Sapieha, a business development manager with Shore Consulting in Toronto, lost his credit card. In an unfortunate turn of events he did not realize it until the telephone call. Several purchases were made, which were flagged as suspicious by the bank. But unlike a few years ago when purchases were batch-processed at the end of the day and sent to branches, today everything is done in real time.

“From the point of the customer, presenting a card at a banking machine, all the way to its presentation to a fraud analyst, takes less than one second,” said Nubar Mangoyan, group manager e-business at the Royal Bank in Toronto.

To detect fraud, the bank uses a combination of IBM’s MQSeries and Microsoft Transaction Server on Windows 2000 running both Computer Associates and homegrown applications. Client data, including all transactions from any electronic delivery channel (ATM, telephone, Internet banking), is pulled from the bank’s IBM RS/6000 series servers.

A fraud threshold is set up for each individual customer based on their transaction history. For those who use their card in a fairly consistent manner – cash withdrawals once a week and gas purchases – the threshold will be quite different from a business traveler who users her card for all manners of purchases all over the world.

“The key to the system is the ability to calculate what is a normal behaviour for a particular client, so when there is a deviation, that is when an alarm is raised,” Mangoyan said. “But I cannot give you any more specific information for security reasons.”

Once a card is flagged for potential fraudulent use, humans intervene. A fraud analyst looks at the pattern and makes a decision. This can be anything from shutting down card access, asking the client to speak to the financial institution from the purchasing location or, as was the case with Sapieha, calling the individual after the purchase to verify it.

“They still allowed it to go through because it is a customer service issue,” said Gord Jamieson, director of risk and security with the Visa Canada Association in Toronto.

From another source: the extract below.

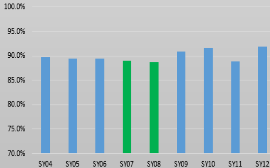
KCPS ADA - Wednesday

Depending on an individual’s level of customer service, “a financial institution may not want to bother a client with the embarrassment of getting called in the store,” Jamieson said. “So they (the bank) may get stung for that first transaction.”

The technology is there to reduce fraudulent use of copied or stolen cards to almost zero, customer service notwithstanding.

“Counterfeit activity in the last couple of years has declined,” Jamison added. In December 1999 credit card fraud reached an all-time high of $123 million in Canada, he said. It is now down to $66 million.

“[In] that time a lot of our members have deployed neural networks, rules-based monitoring systems that have gone a long way to reducing their exposure to fraud,” he explained.

There is a great need to deploy these sorts of technologies because the technology that fraudsters use is getting better by the day. Card skimming is a favourite. Hardware the size of a pager can scan the magnetic strip of a credit card (say at a restaurant) and a duplicate card can be made.

“You can actually buy pretty much all of your tools (to make copies) at Radio Shack,” said Rene Hamel, vice-president, forensic technology services with KPMG in Toronto. Even the holograms are easy to purchase. “Obviously organized crime has all the connections to get all the stuff very easily.”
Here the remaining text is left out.